Demulsifier and antifoam can also can be used as needed.

Usable in lubricating oil formulations Additives are generally described in "Lubricants and Related Products "by Dieter Klamann, Verlag Chemie, Weinheim, Germany 1984, "Chemistry and Technology of lubricants ", R. M. Mortier and S. T. Orsulik, editors, Blackie, Glasgaw & London, VCH Publishers, Inc., New York, 1992.

The lubricating oil compositions can be in the lubrication system of any internal combustion engine like passenger car and truck engines, marine engines and railroad engines, preferably as multi-grade lubricating oil compositions, those in lubrication systems of spark-ignited internal combustion engines be used.

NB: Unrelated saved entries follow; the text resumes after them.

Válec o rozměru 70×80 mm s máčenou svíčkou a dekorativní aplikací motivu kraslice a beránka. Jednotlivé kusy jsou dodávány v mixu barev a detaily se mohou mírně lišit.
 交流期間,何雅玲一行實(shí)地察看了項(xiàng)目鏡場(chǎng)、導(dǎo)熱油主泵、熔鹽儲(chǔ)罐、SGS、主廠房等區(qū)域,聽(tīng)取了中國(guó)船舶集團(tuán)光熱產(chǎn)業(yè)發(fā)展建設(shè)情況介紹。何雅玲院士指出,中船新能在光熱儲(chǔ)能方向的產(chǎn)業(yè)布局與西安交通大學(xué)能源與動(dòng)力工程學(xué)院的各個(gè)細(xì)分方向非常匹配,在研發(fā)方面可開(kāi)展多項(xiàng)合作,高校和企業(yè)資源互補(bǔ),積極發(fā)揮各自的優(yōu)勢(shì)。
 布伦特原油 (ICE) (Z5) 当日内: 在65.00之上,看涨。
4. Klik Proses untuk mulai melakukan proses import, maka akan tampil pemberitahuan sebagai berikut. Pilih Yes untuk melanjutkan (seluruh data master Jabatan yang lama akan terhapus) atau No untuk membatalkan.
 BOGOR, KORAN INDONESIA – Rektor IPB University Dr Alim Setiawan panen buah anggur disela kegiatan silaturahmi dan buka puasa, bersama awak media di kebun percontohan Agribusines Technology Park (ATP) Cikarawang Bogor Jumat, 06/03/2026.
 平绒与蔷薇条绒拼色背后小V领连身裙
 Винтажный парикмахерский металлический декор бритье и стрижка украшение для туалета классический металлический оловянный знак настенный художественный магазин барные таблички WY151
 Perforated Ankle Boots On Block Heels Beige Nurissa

The invention can be described with reference to the following, non-limiting Examples can be further understood.

experimental part

In the following examples, the Include comparative examples, the fuel economy was modified using the Sequence VI tests measured with a 1982 Buick V-6 engine.

Examples

The formulations discussed are listed in Table 1. The kinematic viscosity at 100 ° C was set at 8.9 mm ² / s (cSt) in the 20 ranges. The CCS target value for the 5W range was set to 3000 cP. All of the blends used a hydrocracked 100 N petroleum base material.

Formulation A is a mixture borated polyisobutylene-polyamine dispersants, the antioxidants nonylphenol sulfide, copper PIBSA, copper oleate and diaryl, mixed primary and secondary ZDDP antiwear additives, overbased Magnesium sulfonate and calcium sulfonate detergents, molybdenum dithiocarbamate friction modifiers plus a small amount of demulsifier and antifoam.

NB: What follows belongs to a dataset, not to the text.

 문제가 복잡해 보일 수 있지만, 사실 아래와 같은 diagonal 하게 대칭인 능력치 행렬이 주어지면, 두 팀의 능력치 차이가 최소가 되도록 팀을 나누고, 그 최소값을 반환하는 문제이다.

In Table 1, Formulations A, B and C show the difference in performance achieved using oil formulations containing different combinations of detergent. Formulie tion A contains the simple combination of magnesium sulfonate and calcium sulfonate, formulation B contains the simple combination of calcium salicylate and magnesium salicylate, and formulation C contains the more complex combination of calcium and magnesium salicylate and calcium sulfonate. All three formulations contain MoDTC friction modifiers.

Formulation D shows the impact of change the friction modifier to a mixture of MoDTC and Diethoxyamine in oil formulations, which is essentially related to the other additive components are the same.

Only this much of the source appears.